About vaccination: I don't actually think it's the answer â so the last word was more meant to reflect that staph researchers do. Even if we were to achieve a staph vaccine (debatable), and to decide whom to give it to (tricky), we'd face the much larger issue of whether people would take it. We're becoming a society that turns away from vaccination, sadly; new vaccines face a much steeper curve of acceptance than ever before.
Stating bluntly that everyone is colonised with E.Coli in conjunction with superbugs is needless alarmism.
There are a great many strains of E.Coli, most of which are perfectly harmless and even beneficial (in fact, without them our digestive tract would likely shut down).

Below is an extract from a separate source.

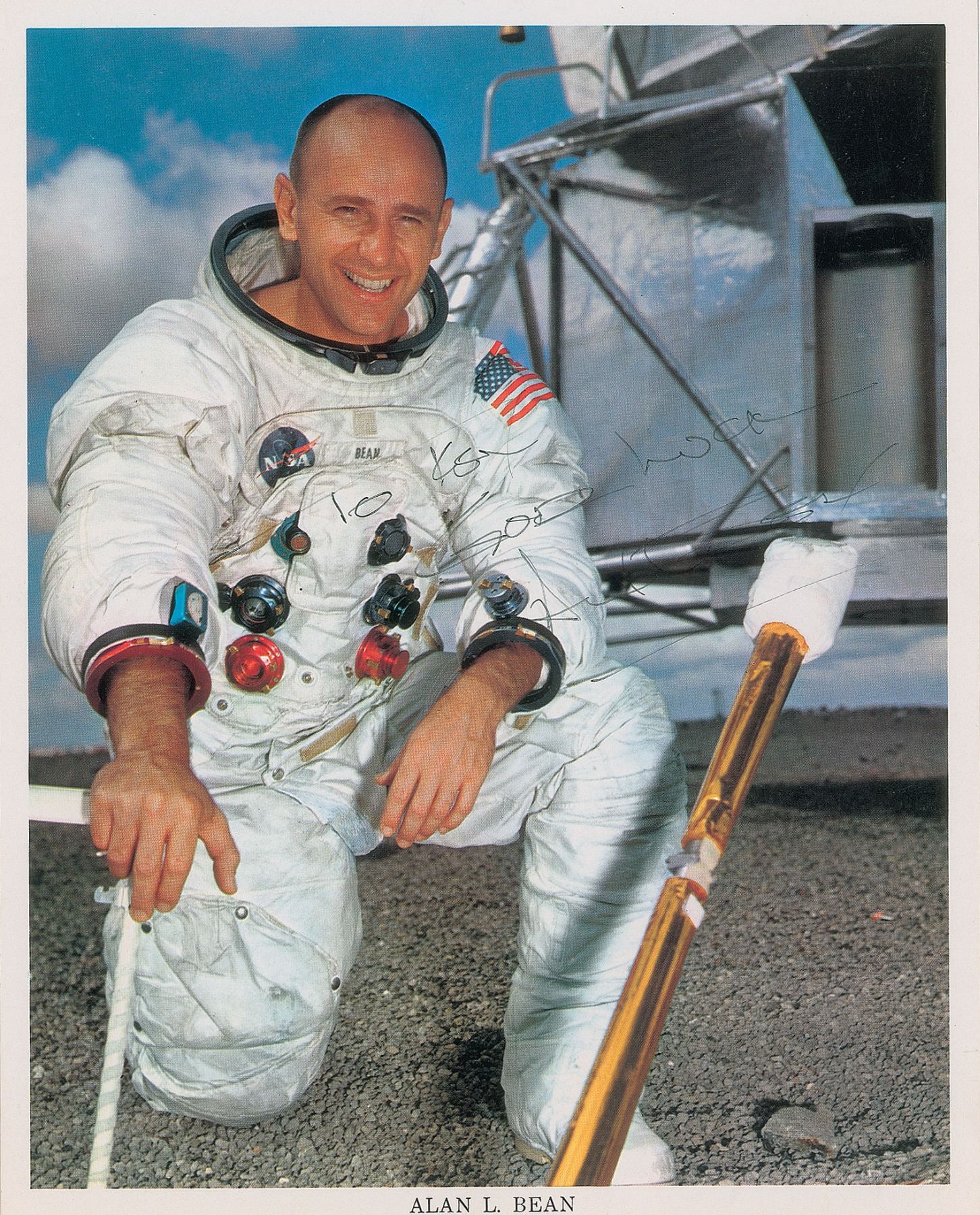 Official color 8 x 10 NASA lithograph of Bean in his white space suit, kneeling before a Lunar Module, signed and inscribed in black felt tip, "To Ken, Good Luck, Alan Bean.” In fine condition, with poor-to-moderate signature contrast.

Those beneficial strains are those everyone has in their gut, not the malevolent variety.
Those who for some reason loose those colonies are in deep trouble.
JT--
I'm only guessing here, but I think Mike raised the point that we're all colonized with E. coli to point out the complexity of the problem when someone's affected by a pathogenic strain. You can't just go blasting away at every strain in the body as treatment, not without upsetting the *useful* colony. On the other hand, you can't just do nothing, as pathogenic E. coli strains can be really, really dangerous.
A recent PNAS paper on attempts to create an E. coli vaccine against certain pathogenic strains discusses some of these issues. You might find it interesting.
Blog post on experimental vaccine
Original PNAS paper
JT,
The link refers to the observation that ~36,000 people die annually in the U.S. from E. coli-associated disease. That's not alarmism, but data. If you skim through the blog at all, anyone will see that, of course, I don't think all (or even most) E. coli are the problem.